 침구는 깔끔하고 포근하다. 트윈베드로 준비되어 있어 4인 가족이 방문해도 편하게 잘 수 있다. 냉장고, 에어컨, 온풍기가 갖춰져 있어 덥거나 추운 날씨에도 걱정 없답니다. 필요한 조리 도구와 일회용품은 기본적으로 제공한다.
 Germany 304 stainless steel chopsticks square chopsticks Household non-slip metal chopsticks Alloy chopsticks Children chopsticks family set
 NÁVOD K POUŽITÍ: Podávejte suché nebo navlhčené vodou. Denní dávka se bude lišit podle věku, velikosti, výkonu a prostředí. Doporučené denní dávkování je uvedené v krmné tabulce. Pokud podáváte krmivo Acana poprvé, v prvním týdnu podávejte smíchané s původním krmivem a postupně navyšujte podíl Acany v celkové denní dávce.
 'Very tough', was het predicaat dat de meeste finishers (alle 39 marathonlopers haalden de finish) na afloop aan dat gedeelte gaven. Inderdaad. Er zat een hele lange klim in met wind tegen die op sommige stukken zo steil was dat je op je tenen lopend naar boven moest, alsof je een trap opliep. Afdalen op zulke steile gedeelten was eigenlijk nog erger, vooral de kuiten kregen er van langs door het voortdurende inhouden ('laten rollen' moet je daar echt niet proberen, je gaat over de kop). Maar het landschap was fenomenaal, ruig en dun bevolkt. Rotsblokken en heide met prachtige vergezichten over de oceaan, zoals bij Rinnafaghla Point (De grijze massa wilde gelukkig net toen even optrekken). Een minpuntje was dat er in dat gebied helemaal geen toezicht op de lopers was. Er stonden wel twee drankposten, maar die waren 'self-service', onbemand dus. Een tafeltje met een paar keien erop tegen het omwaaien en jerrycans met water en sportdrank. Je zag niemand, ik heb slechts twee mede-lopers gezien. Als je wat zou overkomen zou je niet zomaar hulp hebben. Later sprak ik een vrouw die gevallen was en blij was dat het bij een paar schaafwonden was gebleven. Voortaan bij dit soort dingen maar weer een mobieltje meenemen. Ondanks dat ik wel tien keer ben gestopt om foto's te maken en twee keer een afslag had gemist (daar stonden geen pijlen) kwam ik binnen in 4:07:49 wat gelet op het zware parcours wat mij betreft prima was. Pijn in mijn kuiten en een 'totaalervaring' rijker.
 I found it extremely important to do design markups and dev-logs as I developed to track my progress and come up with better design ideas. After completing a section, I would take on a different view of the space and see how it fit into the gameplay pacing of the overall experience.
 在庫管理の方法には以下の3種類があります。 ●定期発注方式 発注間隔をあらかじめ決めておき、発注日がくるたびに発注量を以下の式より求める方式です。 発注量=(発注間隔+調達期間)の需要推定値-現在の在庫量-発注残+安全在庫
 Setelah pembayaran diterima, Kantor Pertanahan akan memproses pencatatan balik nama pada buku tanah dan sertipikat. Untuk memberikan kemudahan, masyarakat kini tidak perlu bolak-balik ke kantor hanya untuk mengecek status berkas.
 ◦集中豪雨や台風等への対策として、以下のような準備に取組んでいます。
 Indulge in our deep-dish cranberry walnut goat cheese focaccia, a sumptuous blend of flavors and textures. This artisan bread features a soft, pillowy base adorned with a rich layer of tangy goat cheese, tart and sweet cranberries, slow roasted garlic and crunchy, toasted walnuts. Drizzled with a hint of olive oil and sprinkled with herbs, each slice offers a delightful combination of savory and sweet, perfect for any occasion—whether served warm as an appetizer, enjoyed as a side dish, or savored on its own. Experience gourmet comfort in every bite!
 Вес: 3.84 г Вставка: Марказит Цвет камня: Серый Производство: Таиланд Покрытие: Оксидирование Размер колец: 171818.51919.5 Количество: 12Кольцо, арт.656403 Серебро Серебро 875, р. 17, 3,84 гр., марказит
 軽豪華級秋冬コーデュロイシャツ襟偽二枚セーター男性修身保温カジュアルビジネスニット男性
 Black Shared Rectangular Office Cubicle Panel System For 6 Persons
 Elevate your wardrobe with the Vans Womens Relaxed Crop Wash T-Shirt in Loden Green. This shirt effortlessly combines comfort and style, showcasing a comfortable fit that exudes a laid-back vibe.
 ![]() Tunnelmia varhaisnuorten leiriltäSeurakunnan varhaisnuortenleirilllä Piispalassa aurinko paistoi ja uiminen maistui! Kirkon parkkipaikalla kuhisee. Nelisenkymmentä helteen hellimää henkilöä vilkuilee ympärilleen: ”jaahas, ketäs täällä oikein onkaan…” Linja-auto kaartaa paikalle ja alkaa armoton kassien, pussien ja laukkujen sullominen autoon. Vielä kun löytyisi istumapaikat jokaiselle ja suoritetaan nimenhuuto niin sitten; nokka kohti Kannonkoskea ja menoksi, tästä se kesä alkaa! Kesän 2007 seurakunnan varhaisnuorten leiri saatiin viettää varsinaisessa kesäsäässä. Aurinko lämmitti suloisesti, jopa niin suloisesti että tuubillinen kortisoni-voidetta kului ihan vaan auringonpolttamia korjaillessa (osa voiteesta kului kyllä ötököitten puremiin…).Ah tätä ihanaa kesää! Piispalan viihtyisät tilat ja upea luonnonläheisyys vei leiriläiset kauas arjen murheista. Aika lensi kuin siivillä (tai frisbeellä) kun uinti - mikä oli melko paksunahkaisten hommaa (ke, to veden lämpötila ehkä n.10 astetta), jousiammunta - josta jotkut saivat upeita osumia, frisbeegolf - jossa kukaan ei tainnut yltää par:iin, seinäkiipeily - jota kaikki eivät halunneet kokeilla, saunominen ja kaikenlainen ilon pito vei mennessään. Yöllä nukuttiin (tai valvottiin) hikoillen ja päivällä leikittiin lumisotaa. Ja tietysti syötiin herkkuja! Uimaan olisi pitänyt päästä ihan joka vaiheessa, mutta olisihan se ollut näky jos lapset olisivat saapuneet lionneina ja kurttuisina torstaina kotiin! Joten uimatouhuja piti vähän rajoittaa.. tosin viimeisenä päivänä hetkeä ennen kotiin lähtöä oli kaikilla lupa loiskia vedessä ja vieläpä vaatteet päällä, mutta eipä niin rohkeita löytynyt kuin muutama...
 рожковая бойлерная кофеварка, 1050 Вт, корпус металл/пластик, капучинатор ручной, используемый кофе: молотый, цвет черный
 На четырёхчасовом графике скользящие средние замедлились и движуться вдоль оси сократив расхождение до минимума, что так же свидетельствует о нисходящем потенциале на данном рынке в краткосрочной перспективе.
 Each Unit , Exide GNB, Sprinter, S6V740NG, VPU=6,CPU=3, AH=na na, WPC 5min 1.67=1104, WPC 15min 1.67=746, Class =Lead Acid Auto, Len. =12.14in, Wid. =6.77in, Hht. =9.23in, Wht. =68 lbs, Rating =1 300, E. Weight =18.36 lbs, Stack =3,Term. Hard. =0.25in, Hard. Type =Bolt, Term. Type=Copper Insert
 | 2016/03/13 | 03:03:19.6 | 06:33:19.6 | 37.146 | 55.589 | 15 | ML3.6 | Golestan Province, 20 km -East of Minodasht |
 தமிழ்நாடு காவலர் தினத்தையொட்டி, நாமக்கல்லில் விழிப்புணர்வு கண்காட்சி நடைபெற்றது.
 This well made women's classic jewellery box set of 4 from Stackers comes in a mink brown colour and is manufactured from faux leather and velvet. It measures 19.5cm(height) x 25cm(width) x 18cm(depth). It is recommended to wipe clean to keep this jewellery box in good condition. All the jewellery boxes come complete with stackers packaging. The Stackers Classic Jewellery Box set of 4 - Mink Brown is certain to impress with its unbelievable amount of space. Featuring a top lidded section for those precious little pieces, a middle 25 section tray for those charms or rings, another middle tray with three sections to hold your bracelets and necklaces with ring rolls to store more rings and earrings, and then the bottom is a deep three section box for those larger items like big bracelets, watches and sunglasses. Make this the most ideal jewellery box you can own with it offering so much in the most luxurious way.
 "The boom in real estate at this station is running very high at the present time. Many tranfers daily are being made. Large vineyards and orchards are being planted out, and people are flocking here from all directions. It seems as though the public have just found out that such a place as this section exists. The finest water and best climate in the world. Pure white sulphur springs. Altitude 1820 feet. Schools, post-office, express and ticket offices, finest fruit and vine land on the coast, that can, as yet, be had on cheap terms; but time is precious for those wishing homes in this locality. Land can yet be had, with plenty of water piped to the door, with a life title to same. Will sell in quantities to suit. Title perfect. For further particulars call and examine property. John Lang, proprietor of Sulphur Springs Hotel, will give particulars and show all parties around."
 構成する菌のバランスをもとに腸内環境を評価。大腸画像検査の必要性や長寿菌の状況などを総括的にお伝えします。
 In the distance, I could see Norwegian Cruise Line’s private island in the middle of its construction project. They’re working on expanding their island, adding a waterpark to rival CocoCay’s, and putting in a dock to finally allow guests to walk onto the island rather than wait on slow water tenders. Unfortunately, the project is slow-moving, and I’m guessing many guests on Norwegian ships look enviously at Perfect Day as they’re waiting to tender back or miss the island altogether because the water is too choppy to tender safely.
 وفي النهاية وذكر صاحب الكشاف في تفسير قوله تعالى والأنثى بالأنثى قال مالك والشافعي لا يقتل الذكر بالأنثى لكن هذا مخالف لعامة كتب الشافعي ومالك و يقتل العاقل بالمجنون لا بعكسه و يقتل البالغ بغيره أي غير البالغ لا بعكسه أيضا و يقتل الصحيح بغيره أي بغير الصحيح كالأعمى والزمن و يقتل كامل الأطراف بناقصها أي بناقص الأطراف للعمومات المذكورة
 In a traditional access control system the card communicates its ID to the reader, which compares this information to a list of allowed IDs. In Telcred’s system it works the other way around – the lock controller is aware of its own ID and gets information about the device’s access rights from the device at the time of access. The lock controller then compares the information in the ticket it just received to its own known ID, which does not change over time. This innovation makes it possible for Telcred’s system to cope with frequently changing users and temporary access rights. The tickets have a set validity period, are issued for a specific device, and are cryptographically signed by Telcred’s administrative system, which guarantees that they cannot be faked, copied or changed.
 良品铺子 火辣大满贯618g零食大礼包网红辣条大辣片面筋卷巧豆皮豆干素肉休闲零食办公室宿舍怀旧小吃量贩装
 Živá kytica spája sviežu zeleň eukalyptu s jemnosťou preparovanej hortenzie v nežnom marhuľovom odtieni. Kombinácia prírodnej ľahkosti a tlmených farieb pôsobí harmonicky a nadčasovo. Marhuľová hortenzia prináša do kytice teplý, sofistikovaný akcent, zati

☆ ☆ ☆ ☆

> _TASK TO COMPLETE_: Quote exactly the opening line of the material above and every line after it, up to and including the line that contains "Germany 304 stainless".

> _COMPLETED TASK_:
 침구는 깔끔하고 포근하다. 트윈베드로 준비되어 있어 4인 가족이 방문해도 편하게 잘 수 있다. 냉장고, 에어컨, 온풍기가 갖춰져 있어 덥거나 추운 날씨에도 걱정 없답니다. 필요한 조리 도구와 일회용품은 기본적으로 제공한다.
 Germany 304 stainless steel chopsticks square chopsticks Household non-slip metal chopsticks Alloy chopsticks Children chopsticks family set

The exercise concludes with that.